The time controls were not exactly what we'd now call 'rapid' on the early CCRL hardware.

And, weren't the CCRL slow ratings 'adjusted' by 100 Elo points downward a few years ago?
That means the CCRL ratings were higher across the board by that much for a few years after those SuperGM vs engine matches happened.
I don't see how either of these points matters. I'm talking about how engines would perform on CURRENT hardware in Rapid play (or in slow games where I say so, but I accept that the relative engine ratings would be a bit different at such time controls). The level of CCRL ratings in the past is quite irrelevant; I'm comparing CURRENT CCRL ratings with estimated FIDE ratings, it has nothing to do with what CCRL ratings might have been in the past. The fact that they were lowered by 100 Elo in the past might explain why we need to increase them for FIDE comparison purposes now, but I'm not looking for an explanation, just for how much adjustment is needed.
Komodo rules!
Alayan
Posts: 550
Joined: Tue Nov 19, 2019 8:48 pm
Full name: Alayan Feh

Re: ccrl hardware adjustment question

Post by Alayan »

lkaufman wrote: Tue May 12, 2020 5:45 pm There is some interest in whether limited hardware, such as a cellphone, can defeat the champ, but I'm pretty sure that the answer is already Yes for Stockfish and Komodo, so if and when an NN can also do so is not so critical.
Pocket Fritz already crushed GMs in tournament play 10 years ago ruinning on a mobile phone. It was much weaker software and much weaker hardware.

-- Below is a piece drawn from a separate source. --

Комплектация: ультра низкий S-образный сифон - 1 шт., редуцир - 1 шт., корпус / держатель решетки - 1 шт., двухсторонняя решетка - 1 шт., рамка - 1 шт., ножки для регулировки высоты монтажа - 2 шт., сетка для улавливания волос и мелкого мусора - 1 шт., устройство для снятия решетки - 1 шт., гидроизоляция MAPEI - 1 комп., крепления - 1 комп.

Our estimates for SF11 release was that with a modern quad-core, SF could give 1:1000 time odds to Carlsen with classical TC, which drops SF downs into the range where it can't properly exploit its scaling potential.
lkaufman
Posts: 5960
Joined: Sun Jan 10, 2010 6:15 am
Location: Maryland USA

Re: ccrl hardware adjustment question

Post by lkaufman »

Alayan wrote: Tue May 12, 2020 9:29 pm
lkaufman wrote: Tue May 12, 2020 5:45 pm There is some interest in whether limited hardware, such as a cellphone, can defeat the champ, but I'm pretty sure that the answer is already Yes for Stockfish and Komodo, so if and when an NN can also do so is not so critical.
Pocket Fritz already crushed GMs in tournament play 10 years ago ruinning on a mobile phone. It was much weaker software and much weaker hardware.

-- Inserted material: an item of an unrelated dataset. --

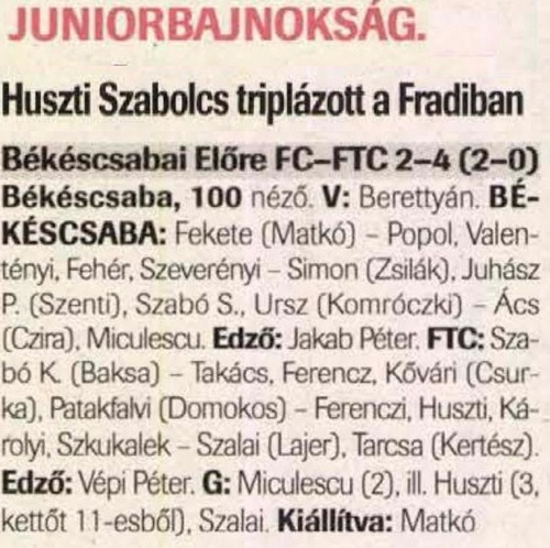 Békéscsaba, 10.000 néző, vezette: Juhos (Tumó, Hegyi)

Our estimates for SF11 release was that with a modern quad-core, SF could give 1:1000 time odds to Carlsen with classical TC, which drops SF downs into the range where it can't properly exploit its scaling potential.
Well, crushing GMs is not the same as playing Carlsen, after all even I am a GM, but it did have a performance rating above Carlsen's rating, so even if that was partly luck (i.e. small sample), I agree that it would not be a close contest today with either Stockfish or Komodo on a good cellphone vs. Carlsen. Based on my limited experience and data, I think that your 1000 to 1 estimate for time odds is a bit on the high side, but even if the right number is half that, 500, it doesn't change the conclusion. Matches between engines and humans need some objective handicap beyond just time/hardware etc. to be interesting in my opinion; other than material handicaps, I think that Draw odds plus White odds plus Castling odds is the most promising option for a 2800 level human opponent, perhaps with some time odds as well.
Komodo rules!